» **Your task**:
The response must be the exact lines from the one that contains "Ein Actros ´97" through the end of the material, with no pictures and no additional lines.

» **Records shown**:
________________________

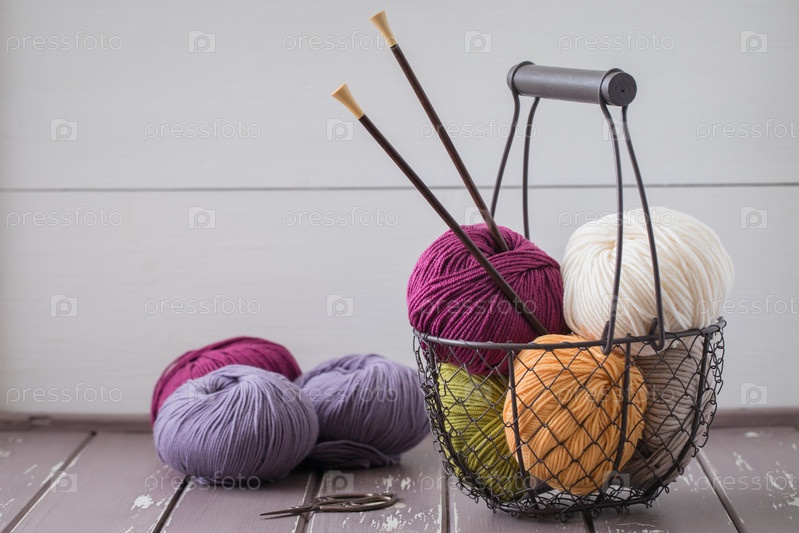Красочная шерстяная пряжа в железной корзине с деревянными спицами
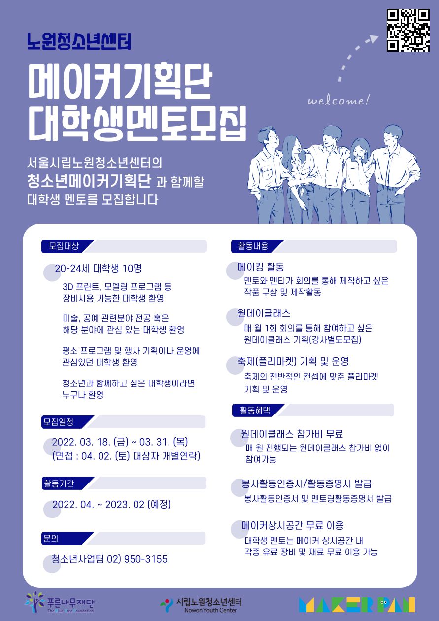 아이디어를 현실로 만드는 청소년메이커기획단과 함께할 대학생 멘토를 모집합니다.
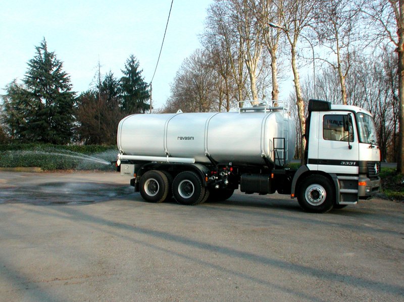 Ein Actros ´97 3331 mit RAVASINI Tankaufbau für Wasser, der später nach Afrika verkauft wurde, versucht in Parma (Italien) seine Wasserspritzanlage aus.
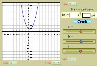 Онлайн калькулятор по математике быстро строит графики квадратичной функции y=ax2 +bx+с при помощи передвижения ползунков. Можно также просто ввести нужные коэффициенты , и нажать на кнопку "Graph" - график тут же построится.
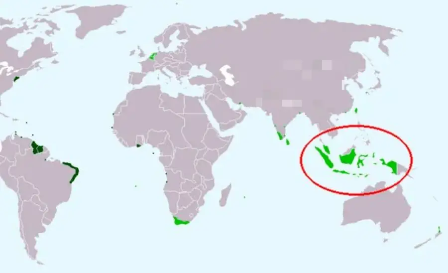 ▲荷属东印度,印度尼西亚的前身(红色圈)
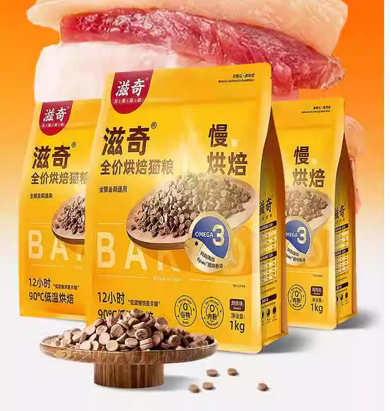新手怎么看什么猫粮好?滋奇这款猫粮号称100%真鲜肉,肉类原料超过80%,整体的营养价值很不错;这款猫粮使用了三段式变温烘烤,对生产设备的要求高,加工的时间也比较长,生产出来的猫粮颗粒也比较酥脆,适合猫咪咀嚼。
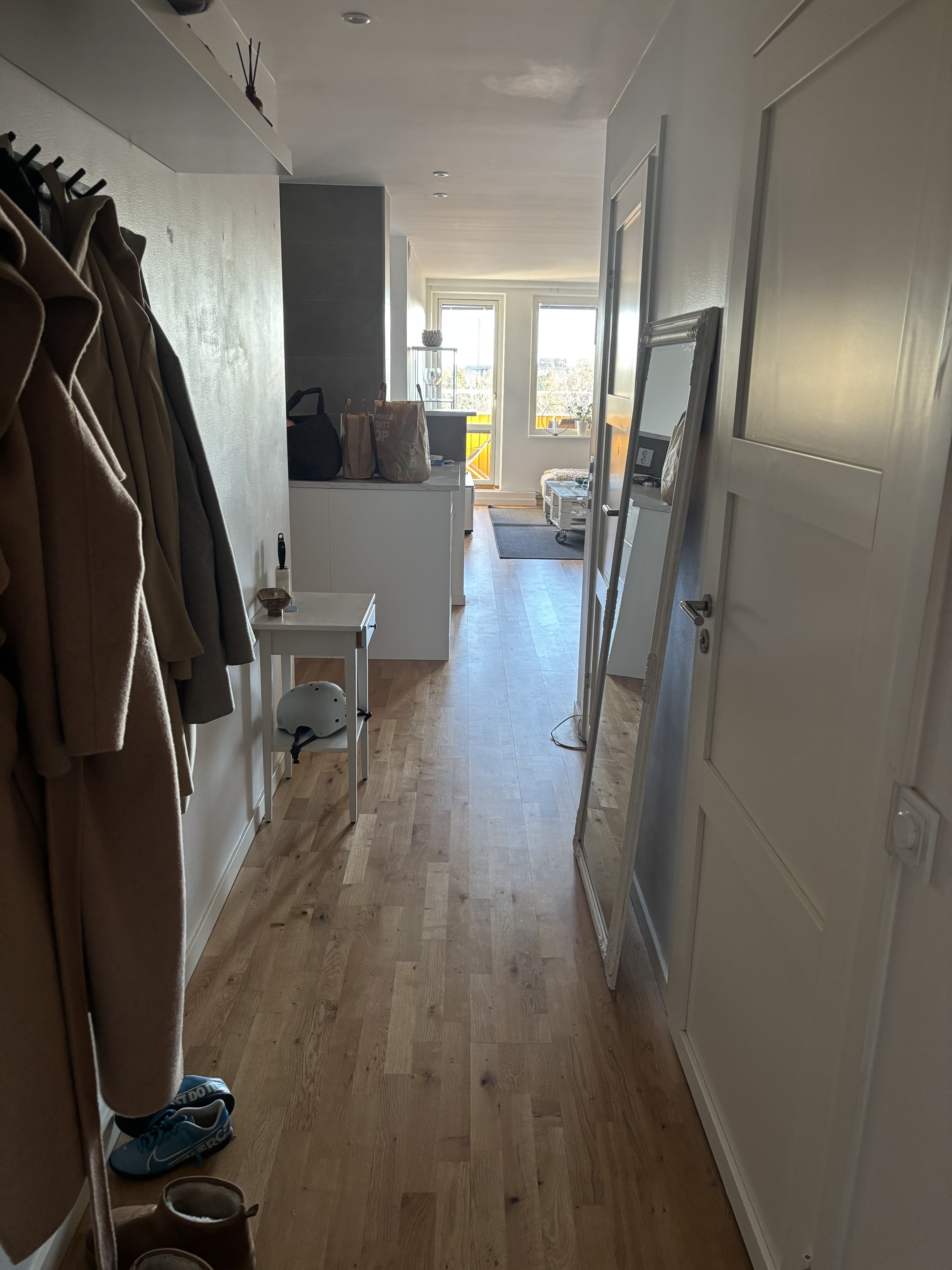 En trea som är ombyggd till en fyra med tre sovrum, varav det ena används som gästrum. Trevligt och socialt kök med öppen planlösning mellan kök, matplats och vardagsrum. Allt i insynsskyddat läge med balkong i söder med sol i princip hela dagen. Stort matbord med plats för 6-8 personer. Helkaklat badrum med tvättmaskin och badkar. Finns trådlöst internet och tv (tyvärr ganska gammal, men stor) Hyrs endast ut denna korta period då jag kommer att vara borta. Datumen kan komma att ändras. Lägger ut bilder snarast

________________________

» **Exercise solution**:
 Ein Actros ´97 3331 mit RAVASINI Tankaufbau für Wasser, der später nach Afrika verkauft wurde, versucht in Parma (Italien) seine Wasserspritzanlage aus.
 Онлайн калькулятор по математике быстро строит графики квадратичной функции y=ax2 +bx+с при помощи передвижения ползунков. Можно также просто ввести нужные коэффициенты , и нажать на кнопку "Graph" - график тут же построится.
 ▲荷属东印度,印度尼西亚的前身(红色圈)
新手怎么看什么猫粮好?滋奇这款猫粮号称100%真鲜肉,肉类原料超过80%,整体的营养价值很不错;这款猫粮使用了三段式变温烘烤,对生产设备的要求高,加工的时间也比较长,生产出来的猫粮颗粒也比较酥脆,适合猫咪咀嚼。
 En trea som är ombyggd till en fyra med tre sovrum, varav det ena används som gästrum. Trevligt och socialt kök med öppen planlösning mellan kök, matplats och vardagsrum. Allt i insynsskyddat läge med balkong i söder med sol i princip hela dagen. Stort matbord med plats för 6-8 personer. Helkaklat badrum med tvättmaskin och badkar. Finns trådlöst internet och tv (tyvärr ganska gammal, men stor) Hyrs endast ut denna korta period då jag kommer att vara borta. Datumen kan komma att ändras. Lägger ut bilder snarast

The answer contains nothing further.